Wall Street Journal: The Science-Backed Strategies That Will Actually Help You Eat Better
We know what we should eat. Trouble is, most of us have a hard time sticking to it.
Researchers are racing to understand what pushes people to make healthier food choices. They are finding that broad resolutions to “eat better” are less effective than setting a couple of smaller rules, that eating with other people is helpful and that grocery shopping online can be better than going to the store.
The issue is urgent: The number of Americans who are overweight or have obesity is rising. Nearly three-quarters of U.S. adults ages 20 and older are overweight or obese, according to 2017-2018 figures from the Centers for Disease Control and Prevention, and some surveys have found that obesity rates rose further during the pandemic.
Doctors and scientists broadly agree that a healthful diet is rich in vegetables, fruits, whole grains and lean meat and poultry—and is composed of fewer foods linked to poor health, including sugar-sweetened foods and drinks, refined grains and large amounts of red meat.

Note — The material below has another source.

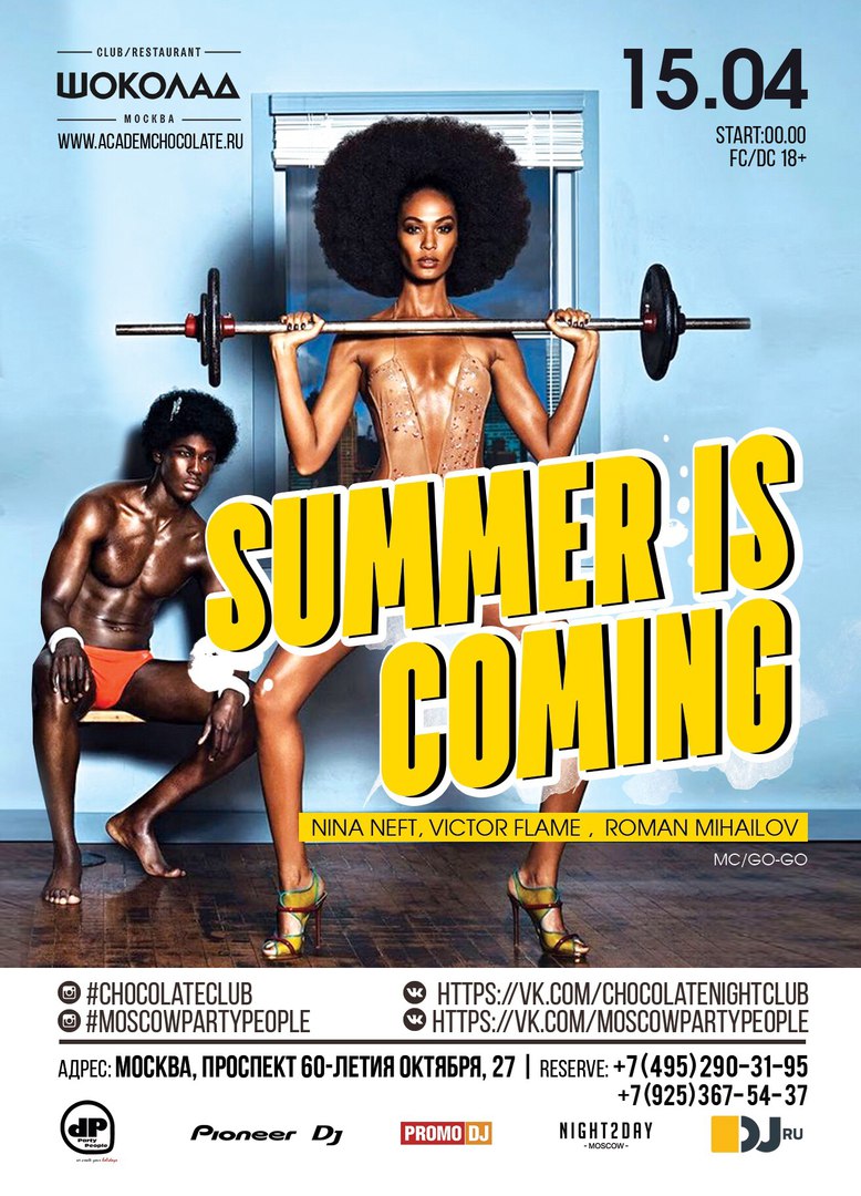 15.04 как всегда новые вечеринки от клуба Шоколад и проекта MOSCOW PARTY PEOPLE "Summer Is Coming" . Лето уже близко, поэтому пора приводить себя в шикарную форму! Клуб Шоколад даёт возможность прокачать все ваши мышцы под самые зажигательные треки наших диджеев: DJ BLACK_T, DJ VICTOR FLAME, DJ ROMAN MIHAILOV, Девушки Go-Go, MC ну и, конечно, нотки эротики, супер позитивная атмосфера и бесконечные танцы!

Yet most of Americans don’t consume the recommended amount of vegetables, and three-quarters overeat refined grains, such as white bread, according to a government report.

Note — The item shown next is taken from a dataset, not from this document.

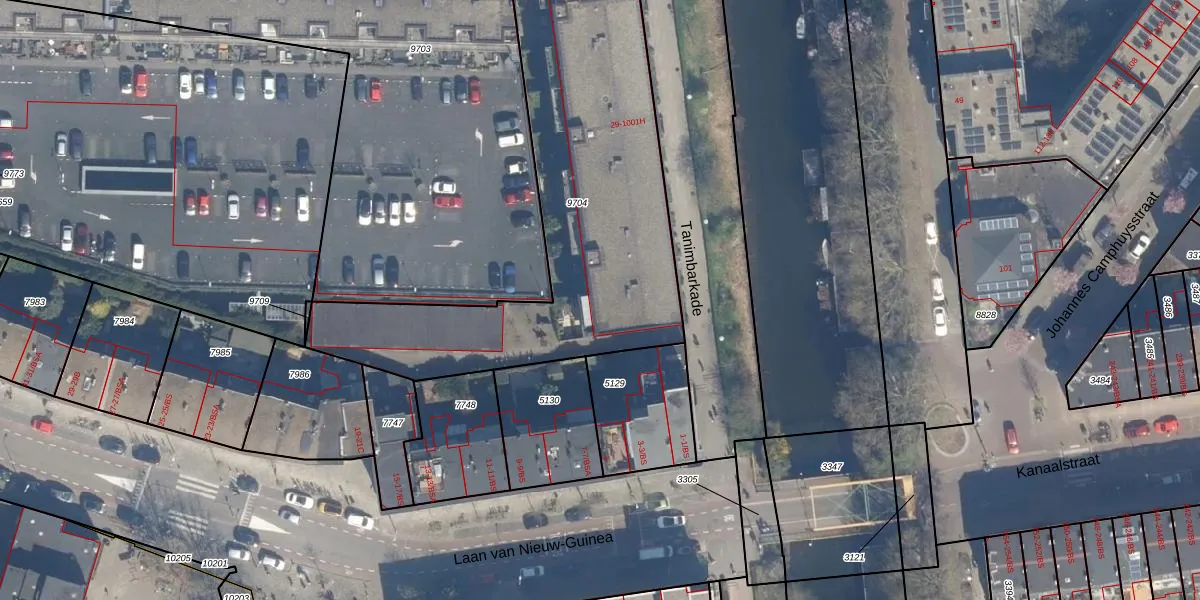 Het perceel waarop Tanimbarkade 55 staat heeft een oppervlakte van 1830 m². Dit is een zeer groot perceel. De perceeloppervlakte wordt geregistreerd door het Kadaster. Gedetailleerde informatie over de maten van dit perceel kunt u vinden in het rapport Kadastrale kaart met maatvoering van Tanimbarkade 55.

“We’re living in a time where there’s food everywhere. You go to buy a hammer and there’s soda in the checkout line,” says Erica Kenney, assistant professor of public health nutrition at the Harvard T.H. Chan School of Public Health. “People berate themselves, but they are fighting against the environment.”
Whether you are trying to overhaul your diet, resist the peanut-butter cups in the checkout aisle or maintain the good habits you already have, research suggests some ways to make healthy eating easier.

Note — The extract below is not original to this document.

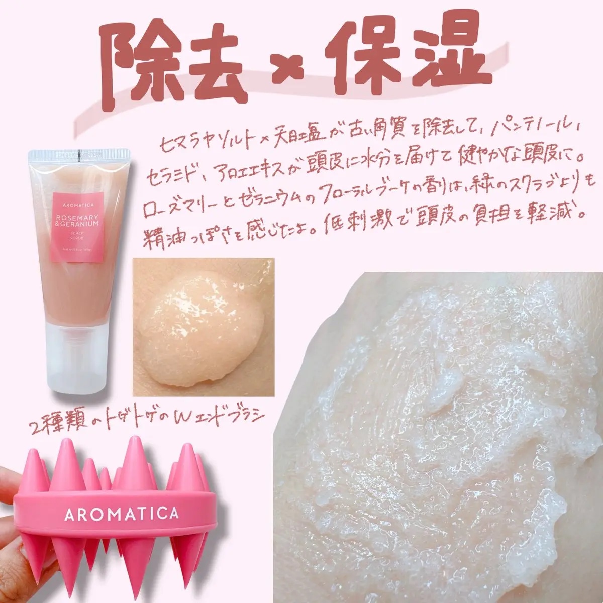 ROMATICA⧉ローズマリー&ゼラニウムスカルプスクラブ⧉🌺ヒマラヤピンクソルトと高純度天日塩が頭皮にたまった角質を優しくケア🌸ローズマリーとゼラニウムの香りですっきりリフレッシュ✼••••✼••••✼ゼラニウムの香りがしっかりとある、スカ...

Set one or two specific rules, and stick to them.
People are more likely to act on a plan if it consists of simple steps, psychology research has found. Having one broad goal—such as, “I’m going to eat better”—generally isn’t effective.
Pick one or two specific eating rules and stick to them—and think of yourself as someone who doesn’t do those things. For instance: I don’t consume sugary drinks. Or I don’t eat fried foods. Or I don’t eat dessert during the week.
Restricting yourself in multiple ways makes it harder to stick with good intentions, says Christina A. Roberto, associate professor of health policy at the University of Pennsylvania’s Perelman School of Medicine.
Conversely, setting a rule “just takes the decision out of it,” says Deborah F. Tate, professor at the Nutrition Research Institute at the University of North Carolina.